* [ACTION ITEM]: Write out the listing below exactly, and omit any images you find in it.

* [DATA SHOWN]:
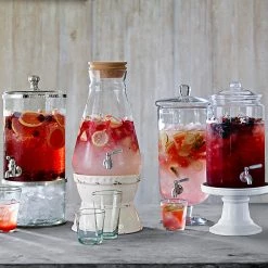 Serving beverages is a breeze with this glass dispenser, which lets everyone help themselves to fresh juice, water, iced tea, sangria or other refreshments.
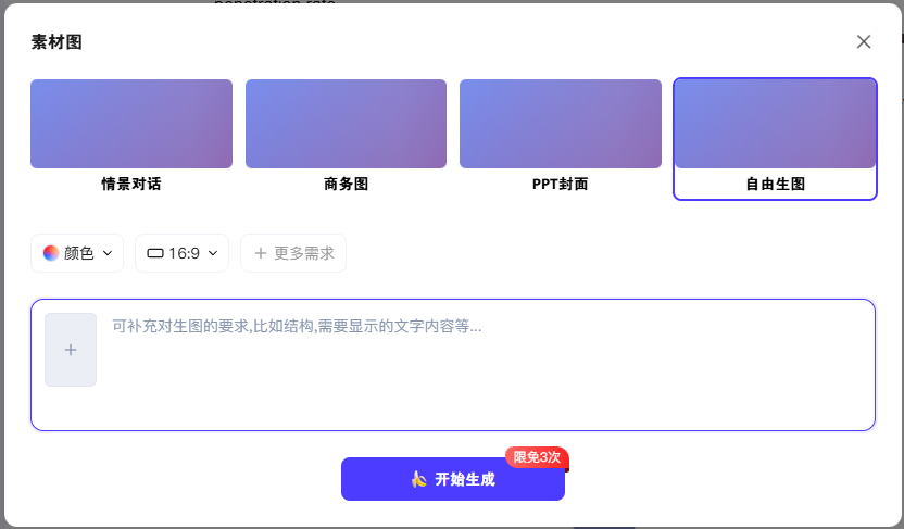 1. 自由生图:无需依赖模板,通过自然语言指令即可直接生成封面、内容页、场景配图等全类型PPT页面。无论是科技感的技术总结封面,还是温馨的教学成果展示页,只需清晰描述需求,AI就能精准落地,摆脱模板化的刻板印象。
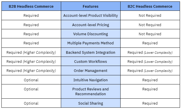 One of the key differences between B2B and B2C headless commerce is the complexity of features required for B2B transactions. B2B headless commerce requires more complex features such as order management, pricing, and quotes, which are not typically required in B2C headless commerce.

* [THE ANSWER]:
 Serving beverages is a breeze with this glass dispenser, which lets everyone help themselves to fresh juice, water, iced tea, sangria or other refreshments.
 1. 自由生图:无需依赖模板,通过自然语言指令即可直接生成封面、内容页、场景配图等全类型PPT页面。无论是科技感的技术总结封面,还是温馨的教学成果展示页,只需清晰描述需求,AI就能精准落地,摆脱模板化的刻板印象。
 One of the key differences between B2B and B2C headless commerce is the complexity of features required for B2B transactions. B2B headless commerce requires more complex features such as order management, pricing, and quotes, which are not typically required in B2C headless commerce.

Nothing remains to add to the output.